Clopidogrel Monotherapy and Bleeding Risk Post-PCI in Patients With Diabetes

Switching to clopidogrel monotherapy after 1 month of dual antiplatelet therapy (DAPT), compared with remaining on DAPT, is associated with lower rates of major bleeding among patients with diabetes who have received percutaneous coronary intervention (PCI). These findings were published in JACC: Cardiovascular Interventions.

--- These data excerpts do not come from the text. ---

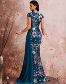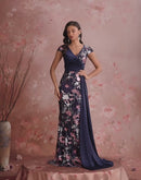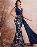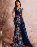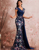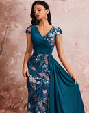 Lady's spring and summer elegant high-quality colorful embroidered sequin pieces are spliced together. This is a luxurious V-necked pleated dress suitable for formal evening events. | Blue Plum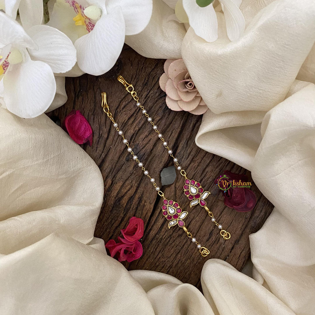 Indulge in luxury with Vriksham's Premium Designer Pearl Maatil. Each piece is carefully crafted with exquisite pearls for a sophisticated and exclusive touch. Elevate your style and make a statement with this premium designer piece.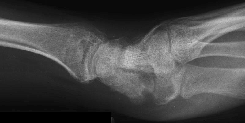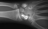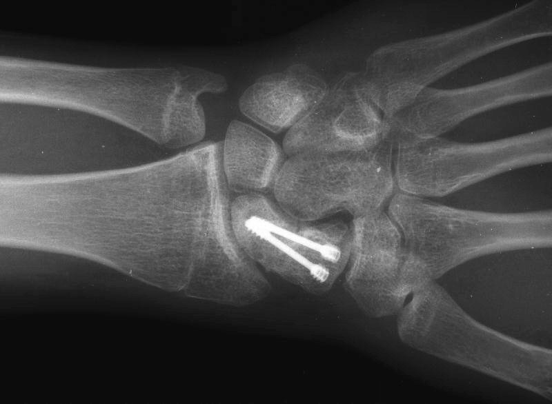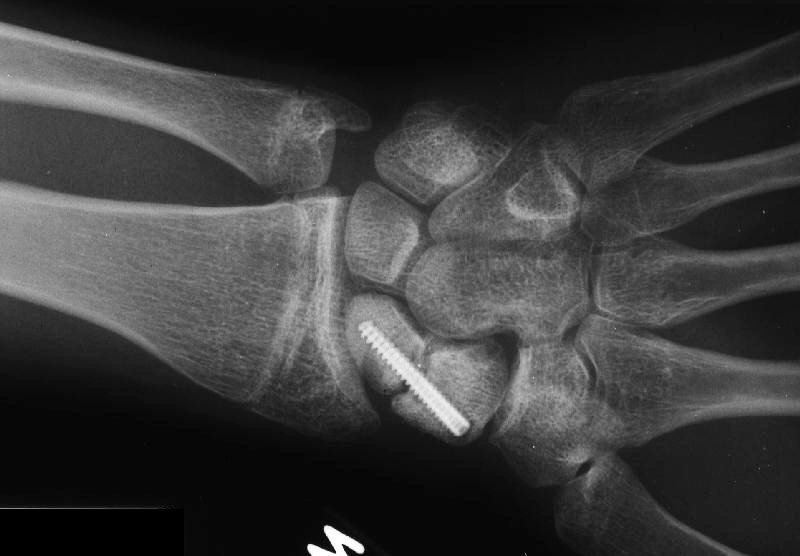 | This 19 year old had been treated elsewhere with an accutrac screw for a displaced scaphoid fracture. He was noncompliant with immobilization after surgery, and developed a painful nonunion. |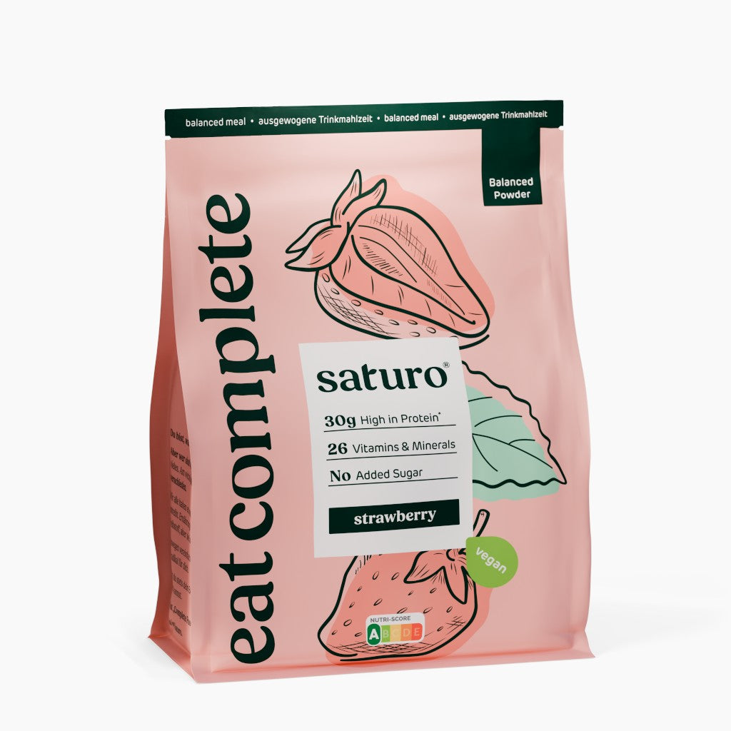 Each shake provides you with a really good supply of 30 g of protein, complex carbohydrates, all 26 essential vitamins and valuable minerals. Saturo Powder contains everything you need, and it's vegan.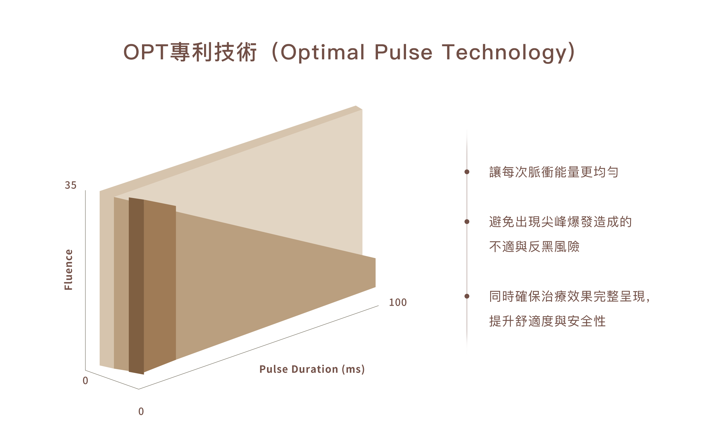 OPT技術可在連續脈衝輸出的過程中,確保皮膚獲得充分冷卻時間,形成穩定的保護層,從而大幅降低熱傷害與治療效果不均的風險。每一次脈衝的能量輸出均勻平穩,有效避免傳統光療常見的能量高峰衝擊現象,不僅提升治療舒適度,同時進一步確保術後肌膚安全與穩定性。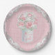 Burlap et mason jarre plaques de papier baby shower avec belle rose rose rose et bocal pour bébé en mason sur un joli arrière - plan rose et blanc burlap argent. Ces douces plaques de papier baby shower en bocal de burlap rustique sont facilement customisées pour votre événement en ajoutant simplement le texte de votre choix, ou vous pouvez supprimer le texte.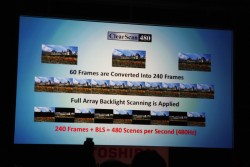 北米版CELL REGZAの最大の特徴といえるのが、3Dコンテンツの再生はもちろん、2Dコンテンツをリアルタイムで3D化し、視聴できることである。もちろん、それを可能にしているのはCELLの持つ高い処理能力だ。また、本機は3D対応を果たすべく240kHz駆動を実現している。3Dの再生規格としては、MPEG4 MVC形式によるBlu-ray 3D、RealD方式等が挙げられていた。視聴に関しては、アクティブシャッター方式の3Dメガネを使用することになる。なお、新パネルとして紹介されていた“KIRA 2 Super Local Diming LED Panel”とは、国内で販売されている55X1に搭載されているLEDパネルの北米における名称であるという。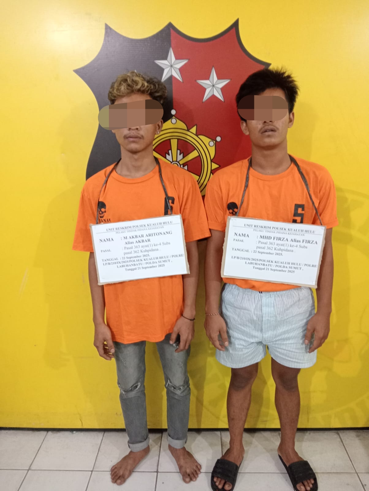 Kapolsek Kualuh Hulu, AKP Nelson Silalahi, SH, MH, melalui Kanit Reskrim Ipda Ramadhan Hilal, SE, menjelaskan bahwa kedua pelaku yang ditangkap adalah Muhammad Firza alias Firza (18), warga Jalan Pejuang 45, Kelurahan Aek Kanopan, dan M. Akbar Aritonang alias Akbar (22), warga Gunting Saga, Kecamatan Kualuh Selatan.
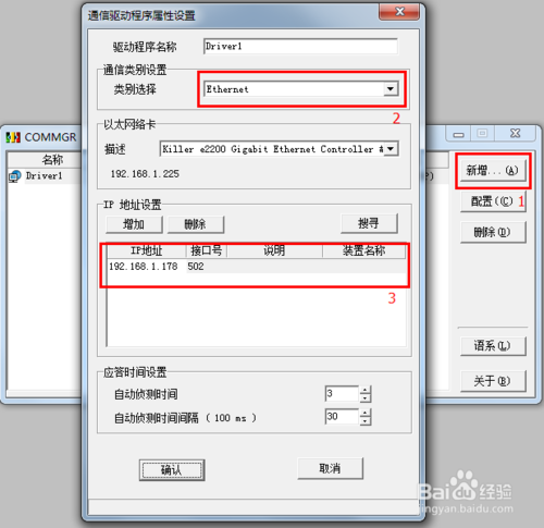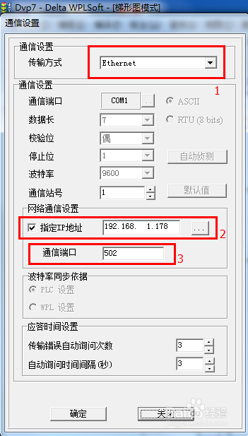 1)打开编程软件WPLSoft,在菜单栏中选择“设置”里的“通讯设置”,选择以太网,并输入BCNet-DVP的IP和端口号;
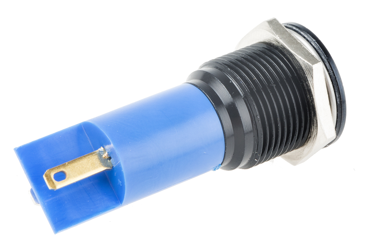 This is Prominent Indicator Panel Mount 16mm Mounting Hole Size Blue LED Solder Tab Termination 10 mm Lamp Size manufactured by RS Pro. The manufacturer part number is 205-662. Regarding light output colour, it outputs blue light colour. The product has a current rating of 3ma. In addition, It features 16mm of mounting hole size. It is IP rated with ip67. Moreover, the product has a nominal 115 v dc, 230v ac voltage rating. The given intensity of the product is 280mcd. Its accurate length is 62.5mm. The bezel features a prominent style. The product is designed with a solder tab termination. It is a type of led lamp.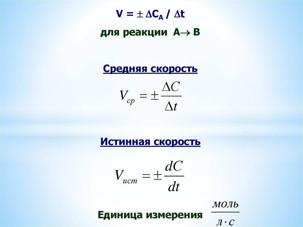 V = CA / tдля реакции А В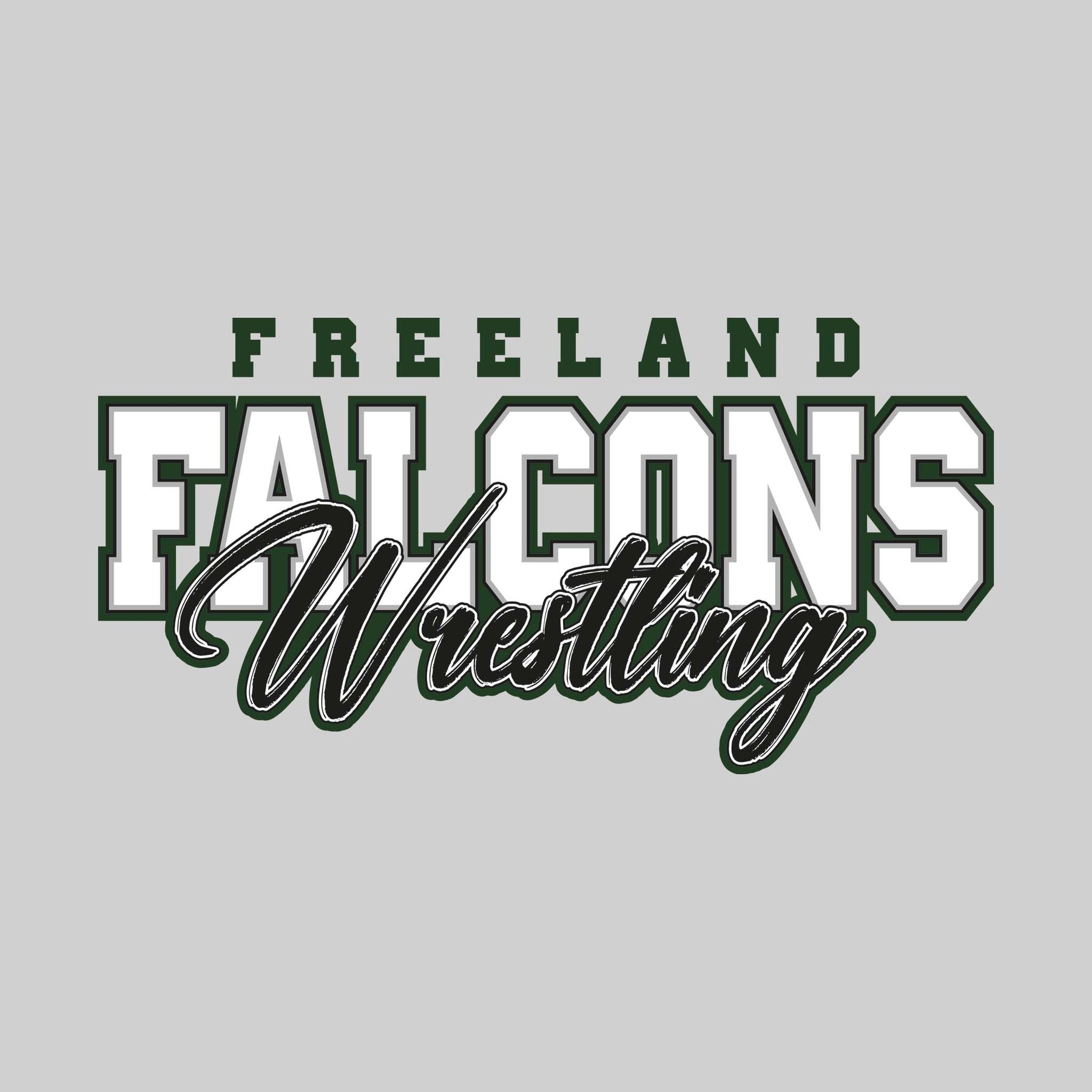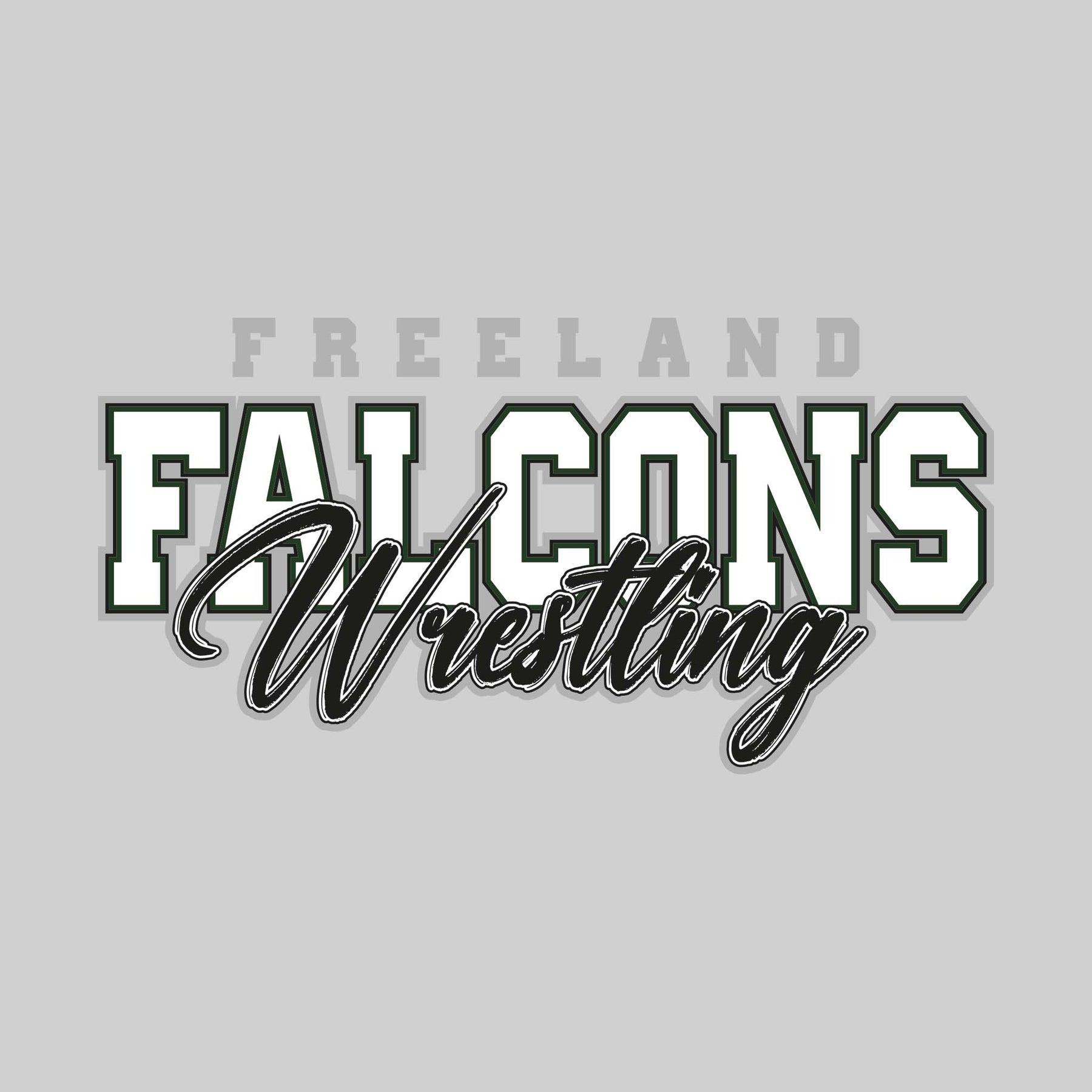 Freeland Falcons - Wrestling - Outlined Mascot Name with Cursive Wrestling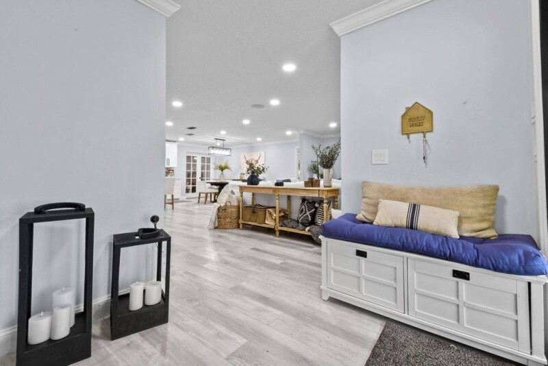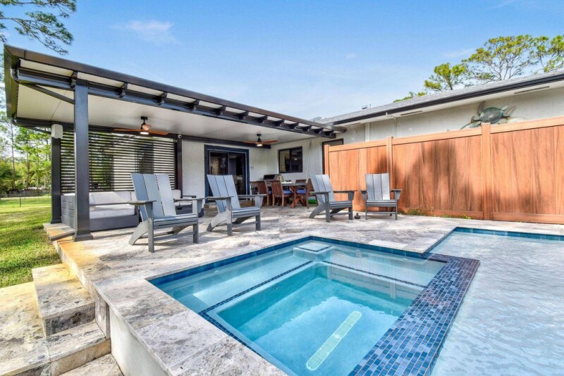 Modern farmhouse ranch style home on 1.2 acre corner lot-newly renovated. New roof 2023, 2023 drain field and new hurricane impact glass 2023 throughout home. The open split floor plan boasts Calcutta quartz countertops and new cabinetry. New appliances, beautiful crown molding and a walk-in pantry. There is a spacious bonus room which can be used as a bedroom, or game room; has a separate entrance leading to the 2024 heated saltwater pool and hot tub. New water softening system, new indoor and outdoor surround sound; 2024 pergola for entertaining or relaxation. New mounted outdoor cameras.Garage 2024 with electric car charging station.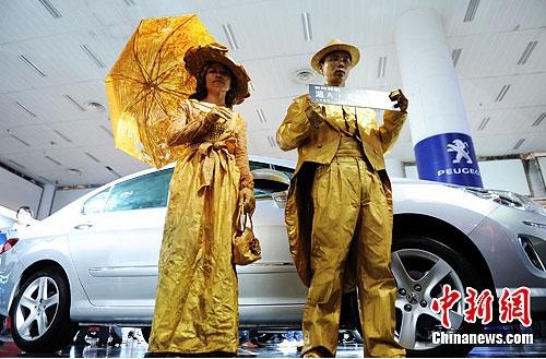 5月3日,以“樂(lè)享生活”為主題的2012湖南車(chē)展在湖南國(guó)際會(huì)展中心開(kāi)幕。參展商們?yōu)槲M(fèi)者,各想奇招。在某品牌汽車(chē)展區(qū)前,兩位裝扮成活體雕塑的人手拿車(chē)牌進(jìn)行促銷(xiāo),吸引了眾多消費(fèi)者的眼球。(來(lái)源:中新網(wǎng))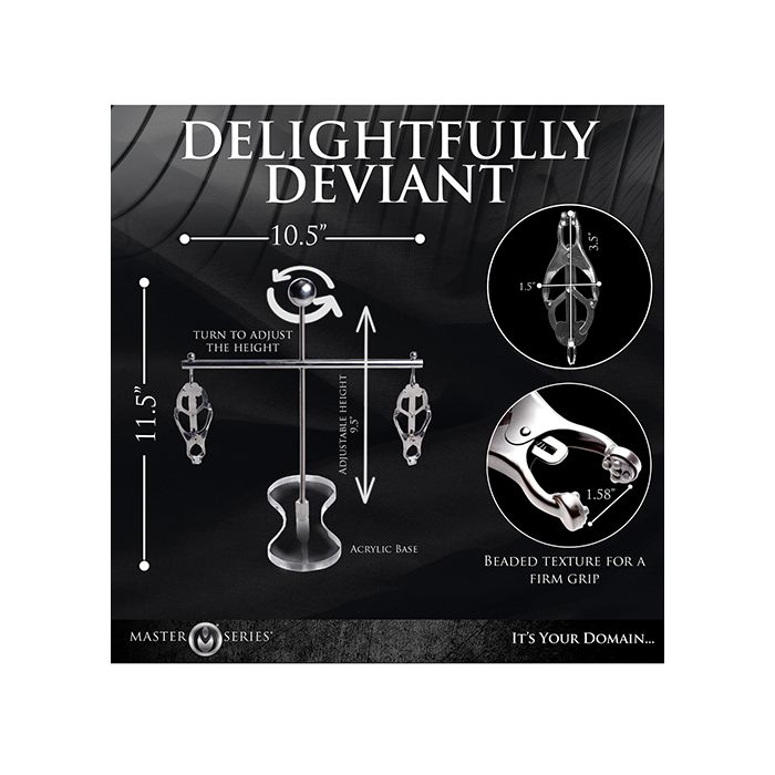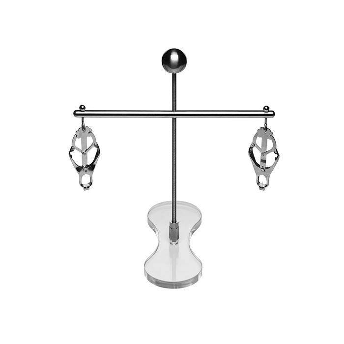 Put your submissive in a predicament pose they cant' escape with this Tower of Pain! This tower has clover-style nipple-clamps that increase in pressure when they're pulled on. The rubber tips protect the skin of the nipples and areola, but the pressure is wicked! The tower also adjusts in height so you can find the perfect height to torment them with! Made out of stainless steel, it is nickel-free and perfect for sensitive skin. The clear plastic acrylic pad sits between the nipples on their chest as a steady platform. It breaks down easily for storage or travel and can be cleaned with warm water and mild soap or a gentle cleaning solution.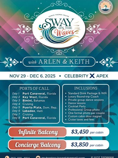 Great price on a great dance cruise. Sail with Arlen & Keith, plus John and Sherry Linderman for 7 nights of fun private dance socials and 9 included group lessons. This is an all inclusive cruise (except for gratuities), that includes round trip transportation to the port. Contact Arlen for information and complete brochure.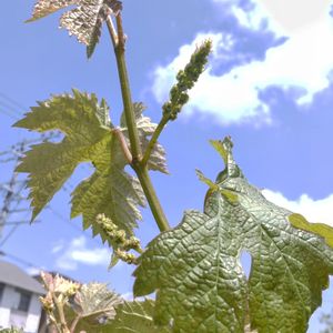 (2023年5月18日 14:58頃 撮影:Galaxy A21) 確か、今年で四年目になるんじゃないかなと思う巨峰。 半額で買ってきて食べて、種を植えて。 芽が出ないからあ~出ないんだ。やっぱり難しいわなって思ってほったらかしてたら、ある日芽が出て、雑草に見えないので正体不明だなと思いつつ、そのまま一緒に世話してて、試しに葉っぱをむしって食べたらぶどうの皮の味がして種を植えたのを思い出したと。それから株の大きさに合わせて植え替えて行って。気づけば4年。 冬になったら枯れたみたいになるので短く剪定して、暖かい日だけ水遣りしてとりあえず暖かくなったらこうなると。 ツルが毎年暴走するので、行灯仕立てにしたい私は丸いヤツに飛び出したツルを誘導して巻き付かせてる感じ。

Data for this post-hoc subgroup analysis were sourced from the STOPDAPT-2 (Short and Optimal Duration of Dual Antiplatelet Therapy After Everolimus-Eluting Cobalt-Chromium Stent-2) and STOPDAPT-2 for Patients With Acute Coronary Syndrome (ACS) trials which were prospective, multicenter, open-label trials conducted in 2015 to 2017 and 2018 to 2020, respectively. In this analysis, the effects of treatment with 1-month DAPT with clopidogrel plus aspirin followed by 11 months of clopidogrel monotherapy compared with 12 months of DAPT after receiving a cobalt-chromium everolimus-eluting stent were evaluated. Cardiovascular and bleeding outcomes were compared between patients with (n=2030) and without (n=3967) diabetes.

The diabetic and nondiabetic cohorts included patients with a mean age of 68.3 (SD, 10.6) and 67.5 (SD, 11.7) years (P =.01), who were 79.0% and 78.1% men (P =.47), with BMIs of 24.7 (SD, 3.7) and 24.0 (SD, 3.5; P <.001), of whom 60.5% and 73.3% presented with acute coronary syndrome (P <.001), and of whom 23.0% and 14.3% received a prior PCI (P <.001), respectively.

During the PCI procedure, significant group differences were observed on the basis of diabetes status for approach, staged procedure, number of procedures, number of target lesions, number of vessels treated, use of intravascular imaging, number of implanted stents, stent diameter, and stent length.

The cumulative 1-year incidence for the composite outcome (cardiovascular-associated death, myocardial infarction, definite stent thrombosis, stroke, and thrombolysis in myocardial infarction bleeding events) occurred among 3.85% of the diabetes and 2.48% of the nondiabetes groups (hazard ratio [HR], 1.56; 95% CI, 1.16-2.10; P =.004). Stratified by composite cardiovascular and bleeding outcomes, the composite risk for cardiovascular events was higher among the cohort with diabetes (HR, 1.87; 95% CI, 1.33-2.65; P <.001) but the composite risk for bleeding events did not differ between groups (HR, 0.98; 95% CI, 0.56-1.72; P =.94).

Among the diabetic cohort, risk for the composite primary endpoint did not differ between clopidogrel and DAPT groups (HR, 0.87; 95% CI, 0.56-1.37; P =.55). Similar trends were observed in the nondiabetic cohort (HR, 0.99; 95% CI, 0.67-1.48; P =.97).

Conversely, clopidogrel receipt decreased risk for the composite bleeding outcome among patients with diabetes (HR, 0.20; 95% CI, 0.06-0.68; P =.01) but not among those without diabetes (HR, 0.51; 95% CI, 0.25-1.01; P =.054).

Results of the exploratory subgroup analysis that stratified by insulin use status were consistent with the main analysis.

This study may be underpowered, as it is a post-hoc analysis and the results should be considered as exploratory.

“Clopidogrel monotherapy after 1-month DAPT compared with 12-month DAPT with aspirin and clopidogrel reduced major bleeding events without an increase in cardiovascular events regardless of diabetes,” the study authors wrote. “However, the results of this post hoc subgroup analysis should be considered hypothesis generating, especially in patients with acute coronary syndrome, because of the inconclusive result in the STOPDAPT-2 ACS trial.”

Disclosure: Multiple authors declared affiliations with industry. Please refer to the original article for a full list of disclosures.